- **Exercise goal**
What you return should be the lines from the one with "Постановление Кабинета Министров" through the one with "Muški ručni sat" in the data below, reproduced exactly with both ends, and no pictures at all.

- **Records to process**
• • •

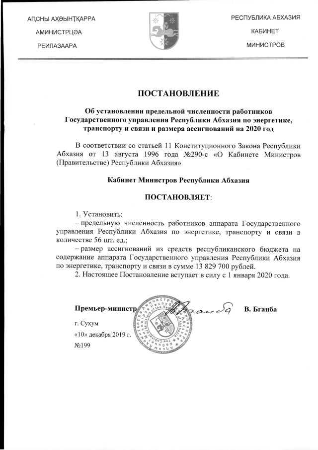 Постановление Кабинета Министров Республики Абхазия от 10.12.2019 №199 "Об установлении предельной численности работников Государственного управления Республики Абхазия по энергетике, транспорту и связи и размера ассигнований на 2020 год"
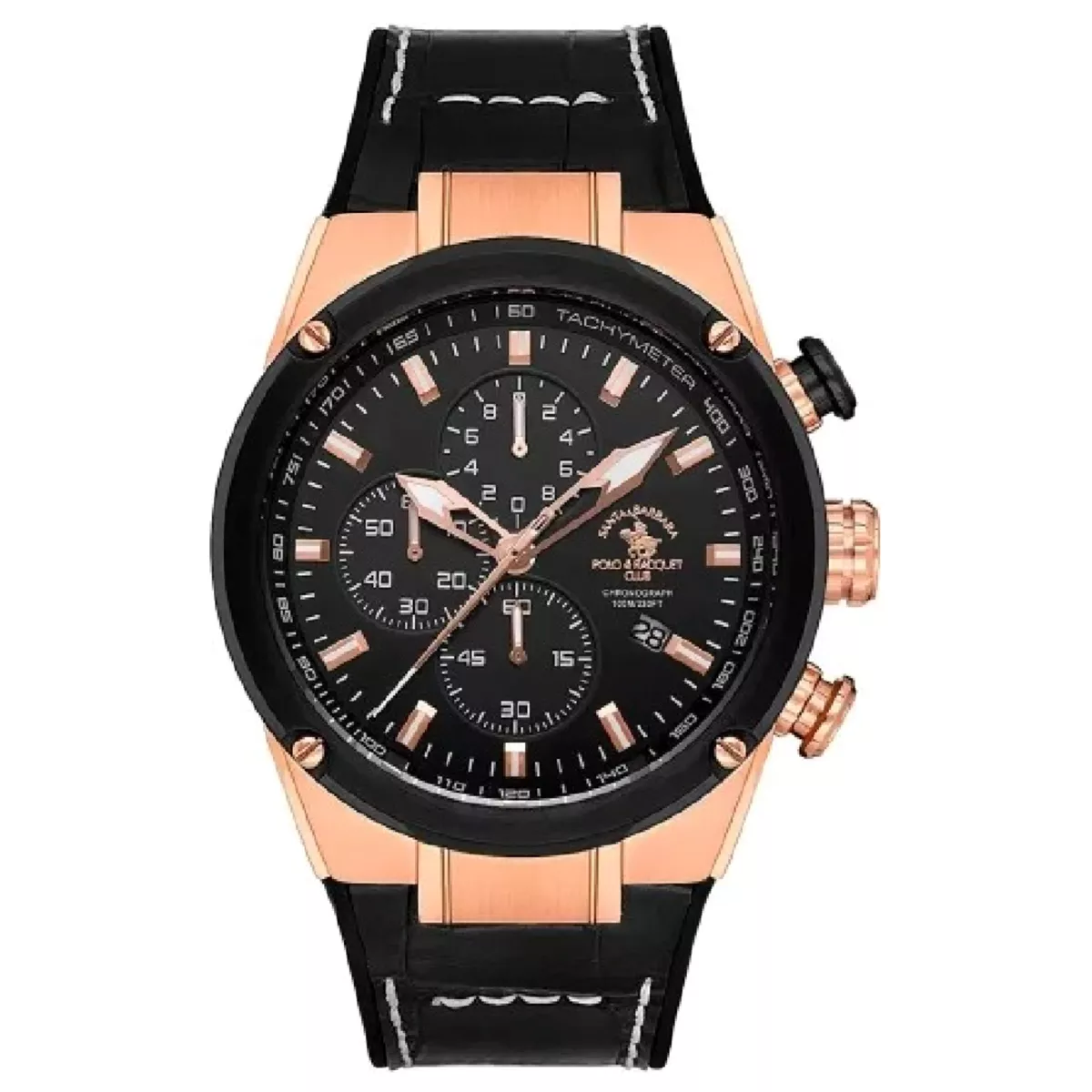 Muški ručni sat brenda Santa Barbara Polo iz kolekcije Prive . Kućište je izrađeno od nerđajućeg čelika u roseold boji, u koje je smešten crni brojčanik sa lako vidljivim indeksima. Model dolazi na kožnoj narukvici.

• • •

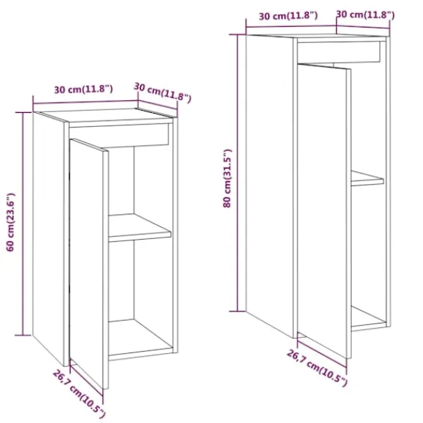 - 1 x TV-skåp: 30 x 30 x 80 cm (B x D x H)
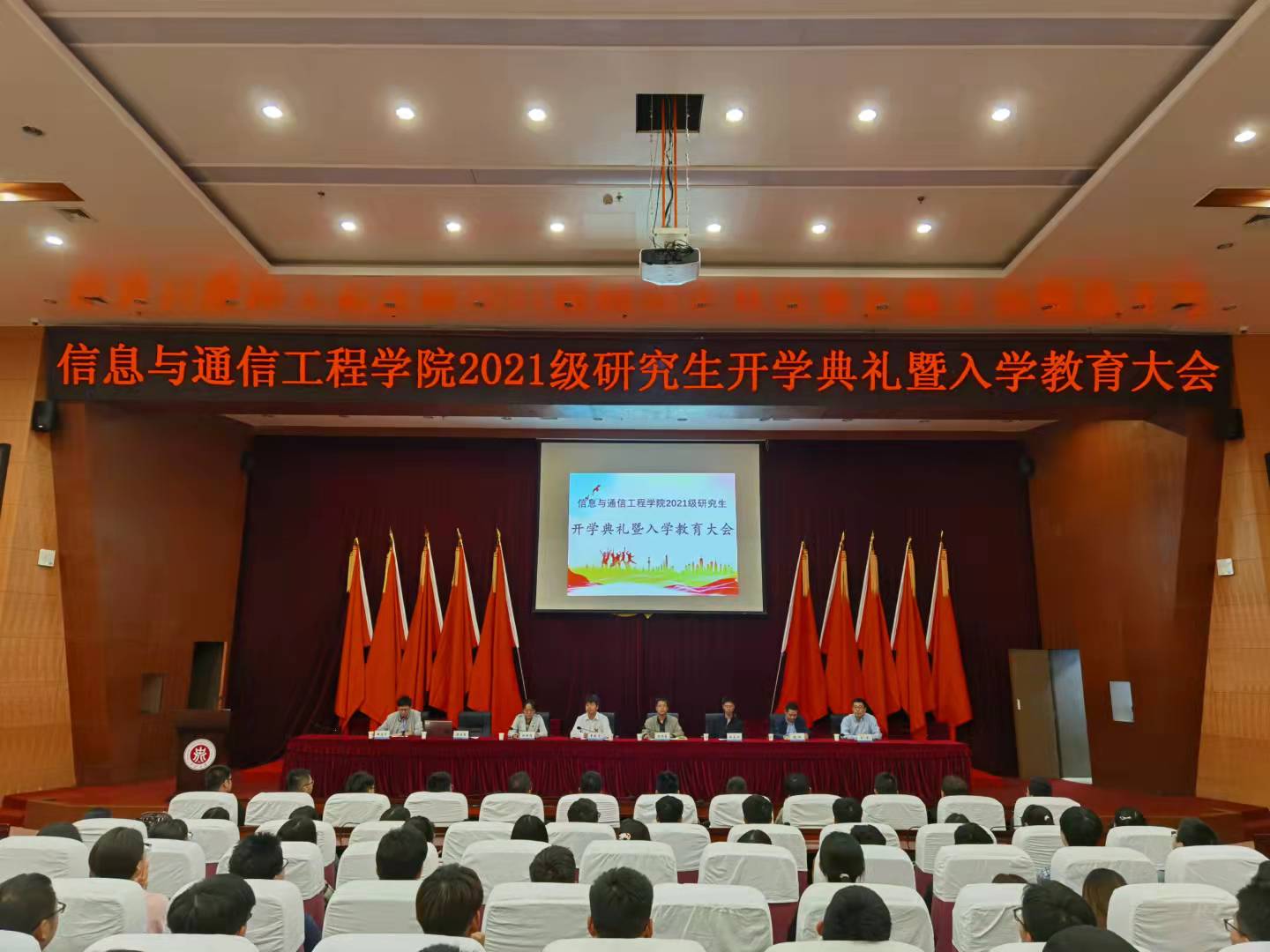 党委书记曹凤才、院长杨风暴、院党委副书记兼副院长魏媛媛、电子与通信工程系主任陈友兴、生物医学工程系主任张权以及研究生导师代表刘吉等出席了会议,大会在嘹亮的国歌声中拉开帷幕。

• • •

- **Solution for this exercise**
 Постановление Кабинета Министров Республики Абхазия от 10.12.2019 №199 "Об установлении предельной численности работников Государственного управления Республики Абхазия по энергетике, транспорту и связи и размера ассигнований на 2020 год"
 Muški ručni sat brenda Santa Barbara Polo iz kolekcije Prive . Kućište je izrađeno od nerđajućeg čelika u roseold boji, u koje je smešten crni brojčanik sa lako vidljivim indeksima. Model dolazi na kožnoj narukvici.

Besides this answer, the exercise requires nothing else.